O Paraná inteiro tem uma força cultural imensa. Eu gostaria de fazer um filme sobre os Campos Gerais, por exemplo. Mas não há uma política estruturada para o cinema de longa-metragem, mesmo com vários diretores como o Marcos Jorge, o Fernando Severo, além do nosso mestre, o Sylvio Back, que mora no Rio de Janeiro. Há uma moda de apoiar a "laborterapia", que é ficar fazendo laboratório de cinema, e eu sou da geração de fazer o filme, mostrar e exibir, o que é muito difícil. Além disso, cinema é caro, tem quer ser feito com coproduções. O Paraná poderia abrir uma carteira pra 4,5 longas, e as pessoas conseguiriam o resto do dinheiro na Petrobras, no BNDES, e fariam filmes sobre a cultura paranaense.
Seus filmes sofreram com um problema crônico que é a falta de distribuição.
O espaço audiovisual é dominado de 85 a 95% pelo cinema estrangeiro. Então, não tem conversa. Aí pergunto: por que os administradores da cultura não honram os seus salários e passam a trabalhar para criar este espaço? Sem espaço, cria-se uma indústria virtual, com novos códigos, novas relações, em cima destes 5% que nos restam. E aí acontecem todas as distorções que você está acostumado a ver: o dinheiro é público, fazer cinema é caro, todo mundo briga entre si, vira um pandemônio político.
A crítica costuma dizer que Os Inquilinos é o seu filme mais sereno. Concorda?
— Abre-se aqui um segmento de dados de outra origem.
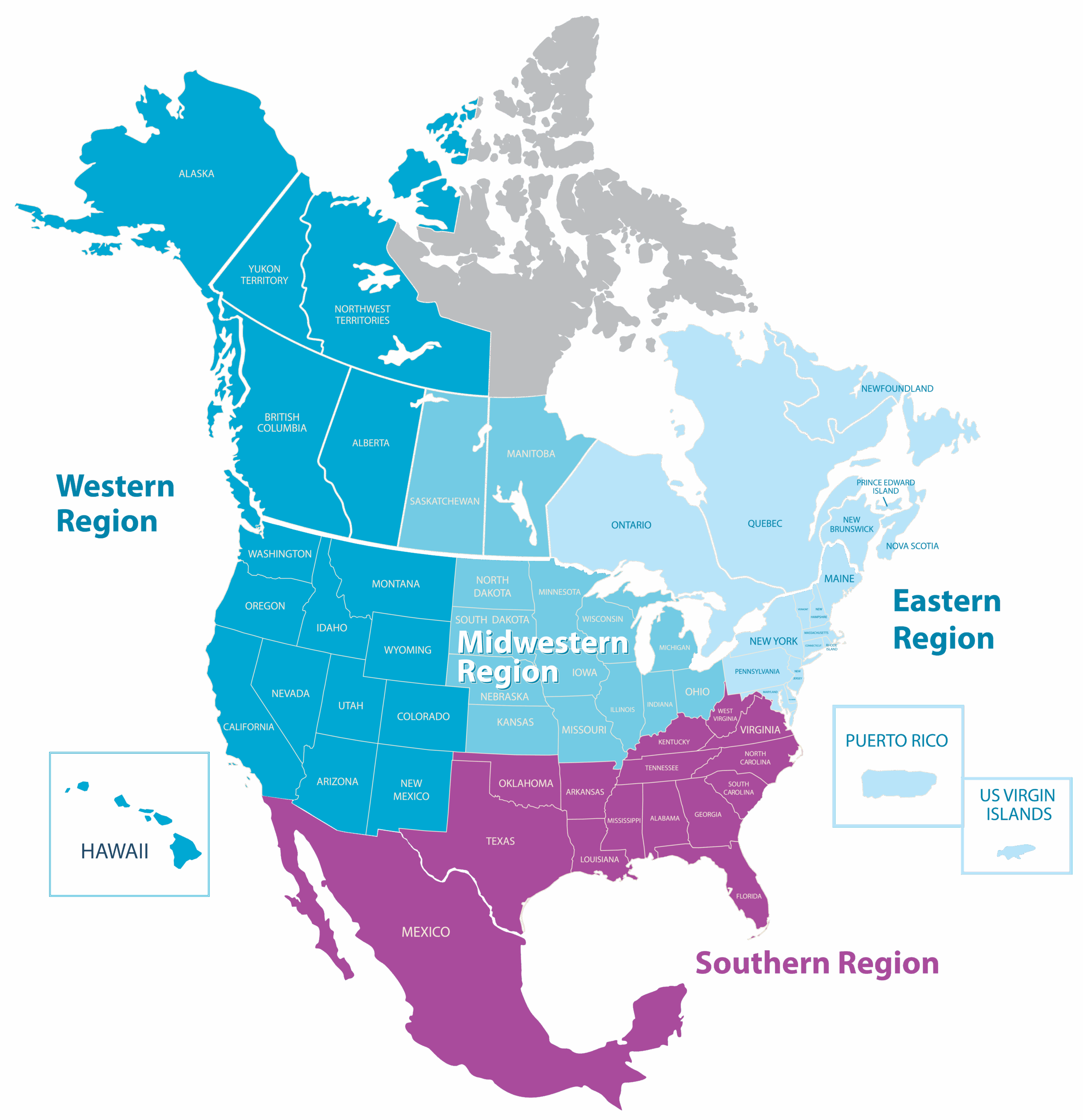 The Eastern Region consists of Connecticut, Delaware, District of Columbia, Maine, Maryland, Massachusetts, New Hampshire, New Jersey, New York, Pennsylvania, Puerto Rico, Rhode Island, Vermont, The U.S. Virgin Islands, and the Canadian Provinces of New Brunswick, Newfoundland, Nova Scotia, Prince Edward Island, Ontario, and Quebec.
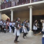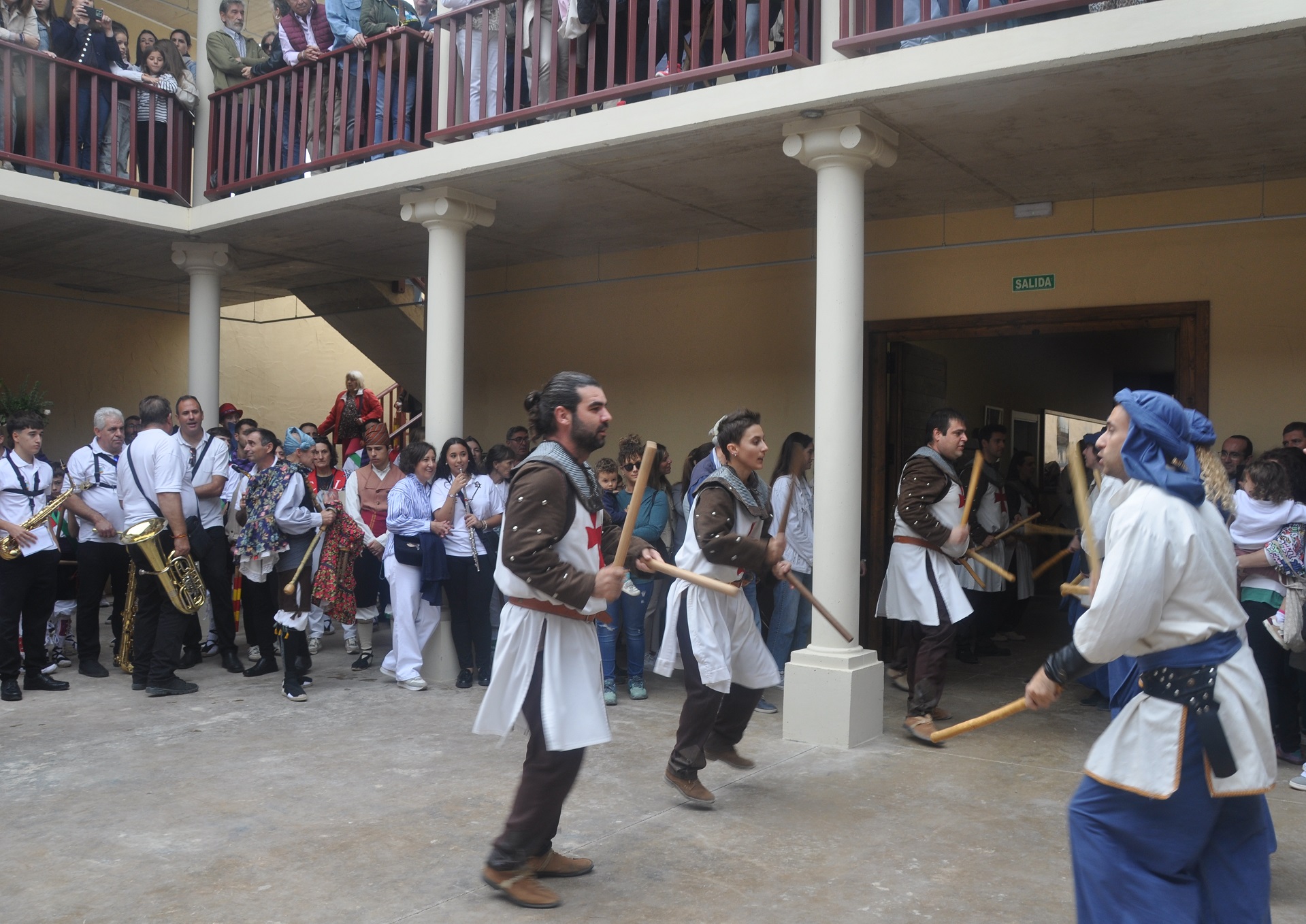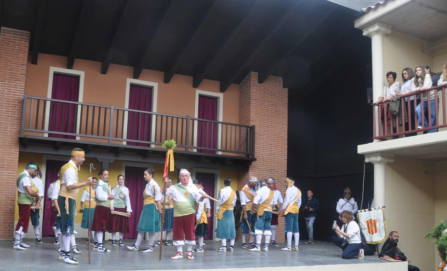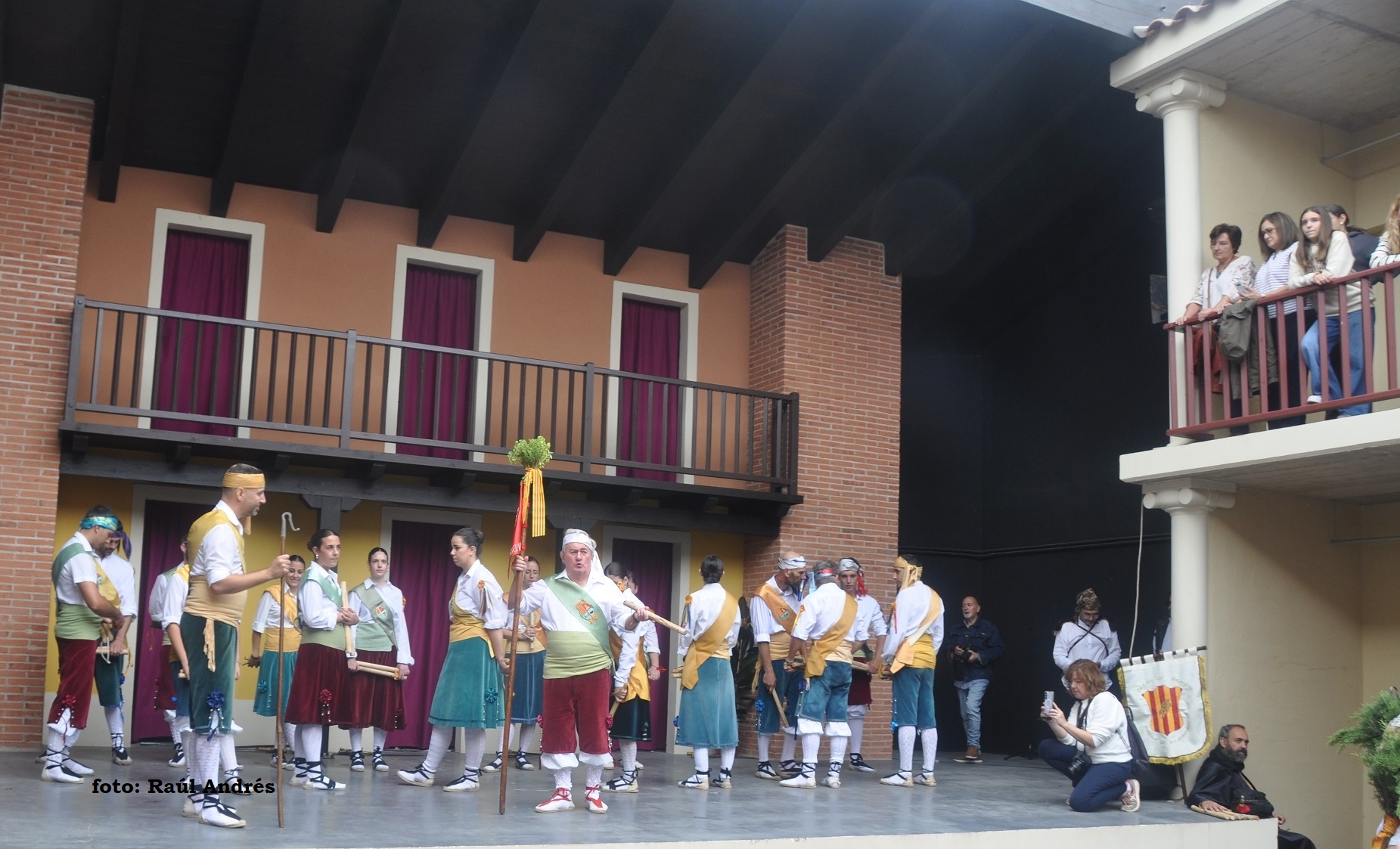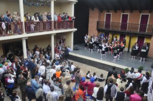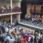 Comenzó, conforme al horario previsto, el pasacalles por la localidad, con un recorrido en el que a lo largo de una hora los grupos evolucionaron al son de sus melodías, terminando en un escenario de lujo, el Corral de Comedias de Robres, donde en una emocionante llegada, todos los grupos entraron danzando, con su vibrante y sonoro paloteo que resonó entre los pilares, galerías y platea de este monte Parnaso del teatro monegrino; los acompañantes fueron accediendo y llenando las galerías superiores del edificio, mientras que el patio se llenaba de danzantes, músicos y personajes de la teatralización: generales turcos y cristianos, ángeles, mayorales, rabadanes y Diablos; colgada en una balconada, la lona con todos los nombres de los Dances monegrinos saludaba a los recién llegados, que fueron abarrotando el espacioso  interior.

É bobagem. Há uma piada sobre isso: na primeira sessão de um filme, você reúne todos os formadores de opinião e críticos em uma cabine. Aí, assim que termina a projeção, o primeiro que levanta, grita: "É surrealista". Aí todos falam que é surrealista. Existe uma diferença deste para meus outros filmes que é o roteiro, uma história fechada, em que não havia possibilidade de incluir algo que sempre gostei, que é o que eu chamo de distúrbio de linguagem, de panfletarismo, enfim, várias linguagens interferindo no filme. Nesse filme não cabia isso.
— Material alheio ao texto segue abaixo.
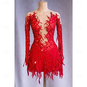 Rochie de Patinaj Artistic Pentru femei Fete Πατινάζ στο πάγο Rochii Rosu Peteci Mâneci cu Gaura Spandex Plasă Înaltă Elasticitate Antrenament Competiție Ținută Patinaj Clasic Cristale / Strasuri
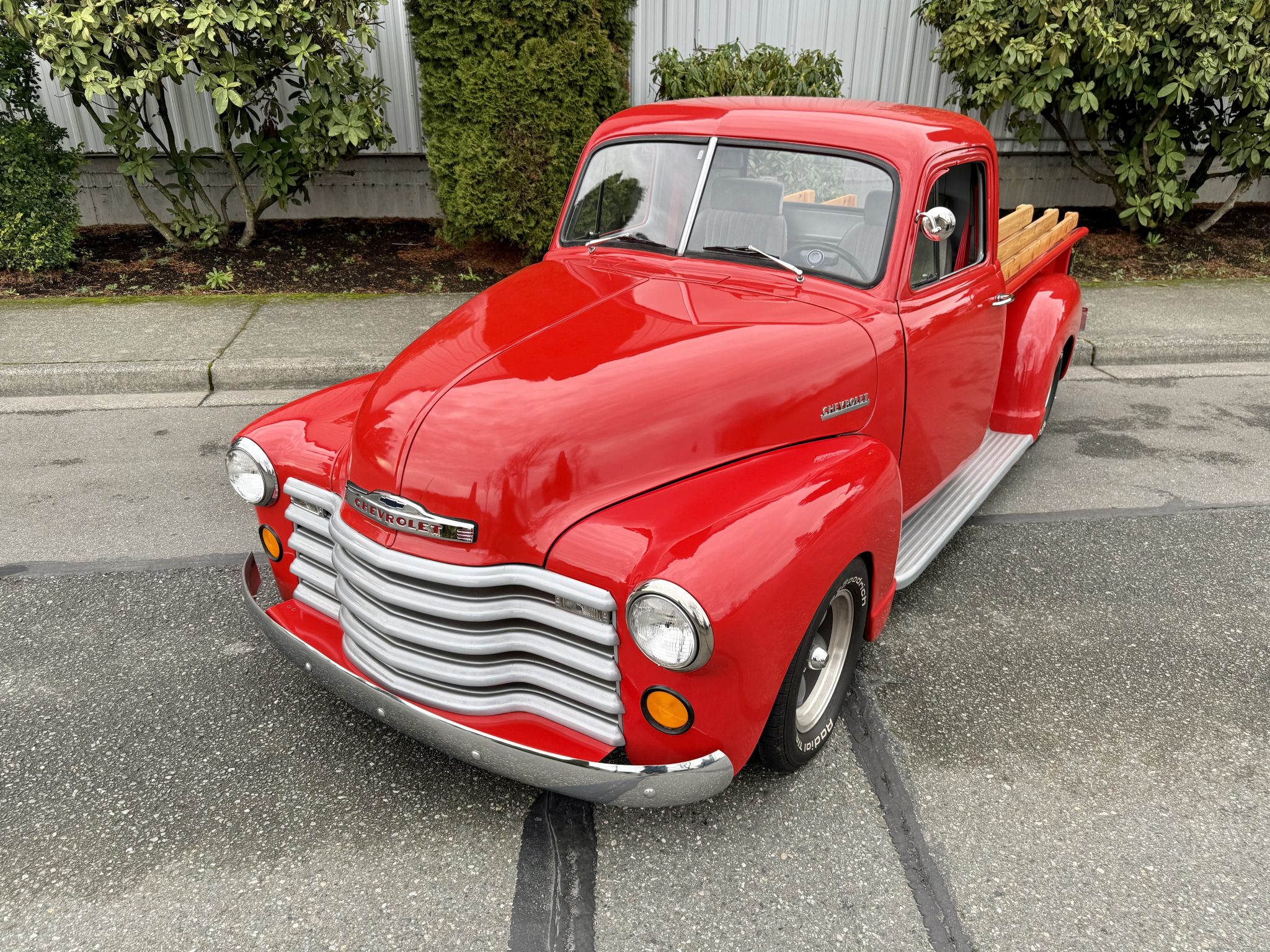 The 15″ American Racing Torq Thrust wheels are mounted with 235/60 BFGoodrich Radial T/A white letter tires. The truck has been sub-framed with an A-arm-style front suspension as well as power-steering, and power-assisted front disc brakes.
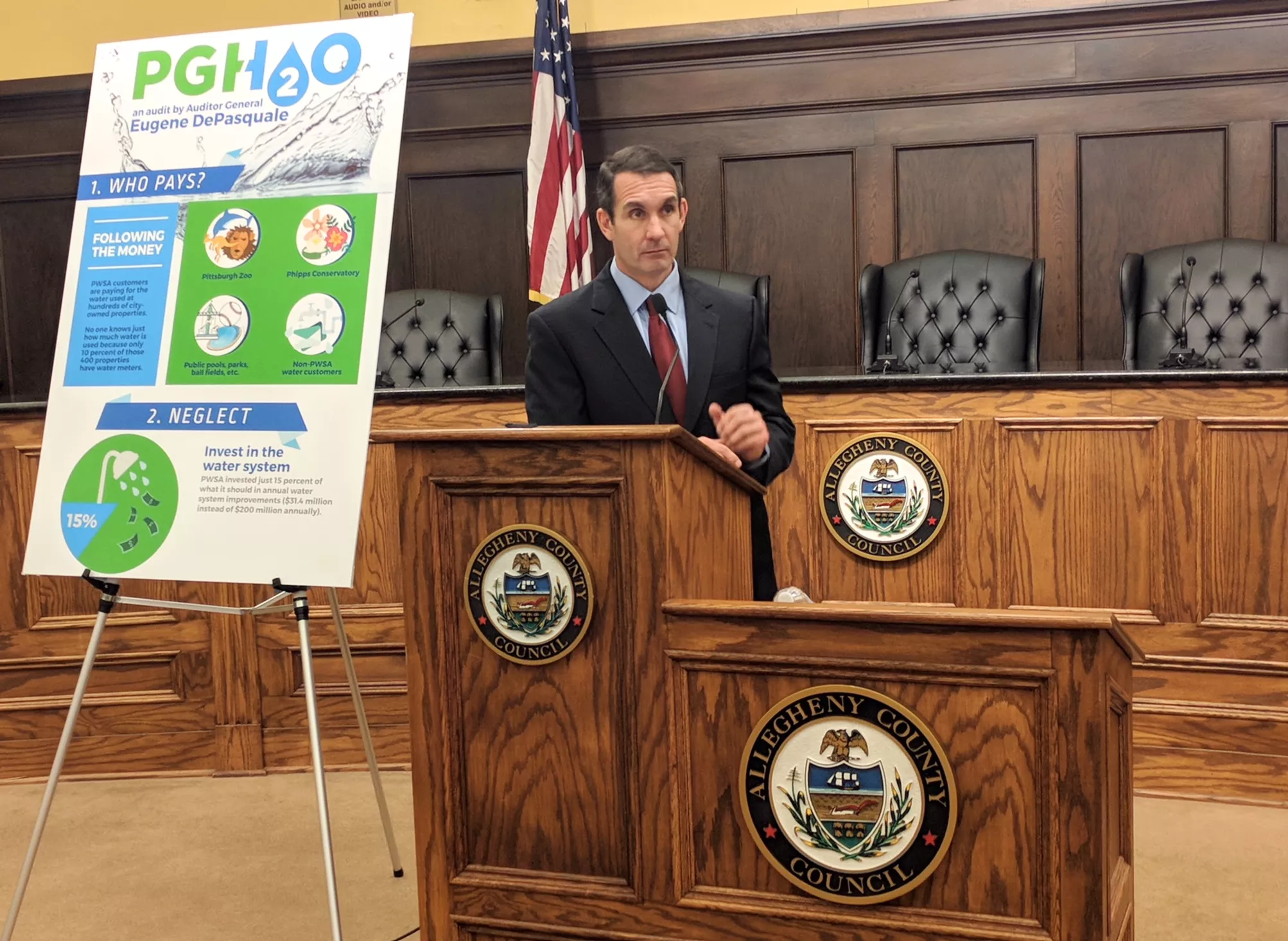 “It should come as no surprise that fixing PWSA’s water and sewage system could take decades and cost billions,” DePasquale said at a press conference at the Allegheny County Courthouse earlier today. “Stabilizing deteriorating infrastructure and investing in necessary improvements is obvious and, based on PWSA’s track record, customers are understandably concerned. PWSA absolutely cannot continue down its current path.”

Como é ser um cineasta com as suas características em meio à cinematografia brasileira?
Sinto-me sempre um bom menino de Curitiba, grandão, mas eu sou cáustico mesmo. Assumo. Agora que eu já passei dos 60 anos, não dá pra mentir. Sempre penso porque faço cinema e não outra coisa. Ou existe uma característica de artista que me faz ser incapaz de fazer outra coisa.
Eu não sei se meus filmes são bons ou não, não consigo entrar nessa loucura de qualificá-los, mas tenho essa obsessão pela perfeição. Por isso, estou até ficando mais grosseiro e bravo, por que não tenho mais paciência. Eu não vejo os vejo os filmes que faço nem amarrado. Termino e depois não quero mais ver.
Por que?
Não sei, frescura.
O cinema nacional contemporâneo reflete sobre a realidade do país?
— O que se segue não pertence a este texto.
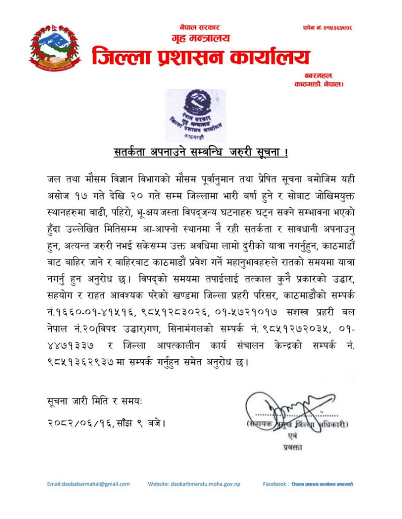 जिल्लामा भारी वर्षा हुने र यसबाट जोखिमयुक्त ठाउँहरुमा बाढी, पहिरो, भू–क्षय जस्ता विपद्जन्य घटनाहरु घट्न सक्ने सम्भावना रहेको भन्दै अत्यन्त जरुरी नभई सकेसम्म लामो दुरीको यात्रा नगर्न, काठमाण्डौबाट बाहिर जाने र प्रवेश गर्नेहरुले रातको समयमा यात्रा नगर्न आग्रह गरेको छ ।
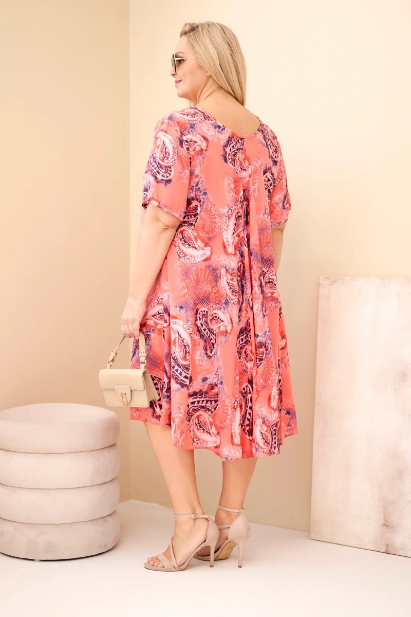 3. Dámské viskózové šaty Plus Size s krátkým rukávem a paisley střihem malinová
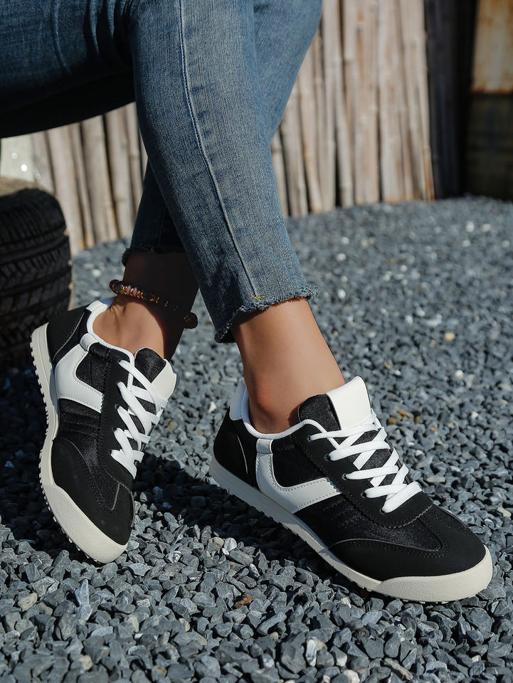 รองเท้าผ้าใบลำลองแบบคลาสสิกของผู้หญิงพื้นในรองเท้ากีฬาทำจากยาง PU รองเท้ากีฬาสำหรับฤดูใบไม้ผลิฤดูร้อนฤดูใบไม้ร่วงฤดูหนาวมีสายรัดปิดสภาพใหม่
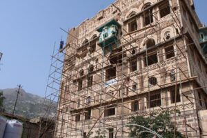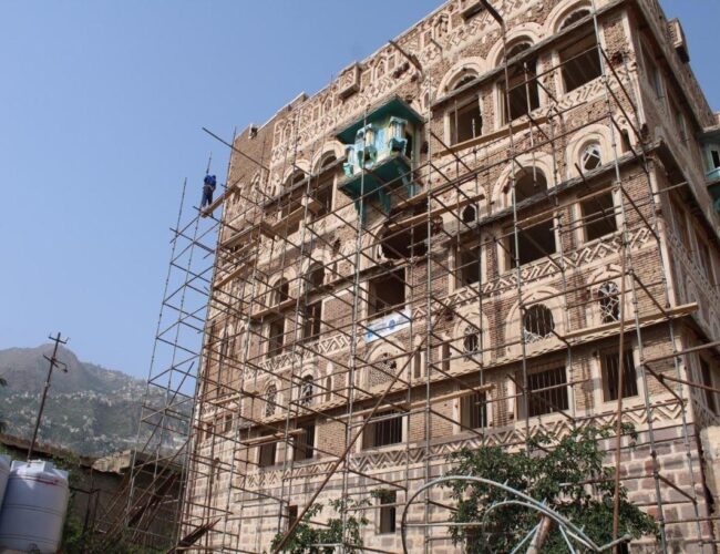 World Monuments Fund was awarded a grant of £100,000 in support of conservation skills training, post-conflict planning and physical restoration in the historic city of Taiz, Yemen. Taiz is the third largest city in Yemen. Picturesquely situated at the northern foot of Mount Ṣubr, the walled city grew to prominence in the eleventh century. Taiz’s rich historic fabric includes many fine, elaborately decorated multistory houses, and several Ottoman palaces, one of which is now the National Museum. Our project involved working with the General Organization of Antiquities and Museums, researchers and students from the University of Taiz to identify buildings facing critical needs and carry out emergency repairs at the National Museum, and to continue the process of preparing a conservation plan for the old city that was interrupted by the war. Taiz is a battleground in the civil war that has consumed Yemen since early 2015, claiming over 10,000 civilian lives. In 2016, the National Museum was shelled and its collection of manuscripts was destroyed. World Monuments Fund placed the historic city on the Watch in 2018 as an expression of concern for the protection of the historic built fabric of Taiz, and for the welfare of its citizens.

De dez anos para cá, os filmes começaram a refletir muito mais. Alguns filmes pegaram esse filão de tratar a periferia: de um lado, diretores como eu, a Lucia Murat, o Jefferson De, cada um com uma visão. De outro, os caras que resolveram fazer a espetacularização da violência para o mercado exterior. Eu não gosto, mas não tenho nada contra. O (crítico, morto em 1977) Paulo Emílio Salles Gomes disse que qualquer filme brasileiro nos diz mais do que o melhor filme estrangeiro.
Mesmo um filme brasileiro muito ruim?
Independentemente da qualidade. Nada contra o cinema americano em si. Mas, veja, o que o (assessor especial da Presidência da República) Marco Aurélio Garcia disse não é dirigismo cultural, é fato (ele chamou de lixo cultural a programação dos canais de televisão paga). Aí as pessoas falam: "Ah, mas tem coisa boa". Claro que sim, há bons seriados americanos, mas isso quer dizer o quê? O que justifica essa entrada de 85%? Aí batem no cara como se ele estivesse tirando o direito democrático da gente assistir ao que quer. Não existe direito, se assiste ao que está passando.
Há um entreguismo, eu não dou dez anos para ver filmes feitos com isenção do nosso imposto de renda, falados em inglês, com atores de Hollywood, com a justificação de que gera emprego. Isso já está começando. E é legitimado por lei. Eu sou meio nacionalista antigo, acho isso uma nhaca. E quem é que impede?
Qual o seu próximo projeto?
Estou preparando um roteiro em que vou falar do que vi entre os anos 1964 e 1968. Mas ainda estou desenvolvendo o roteiro, não sei que rumo irá tomar.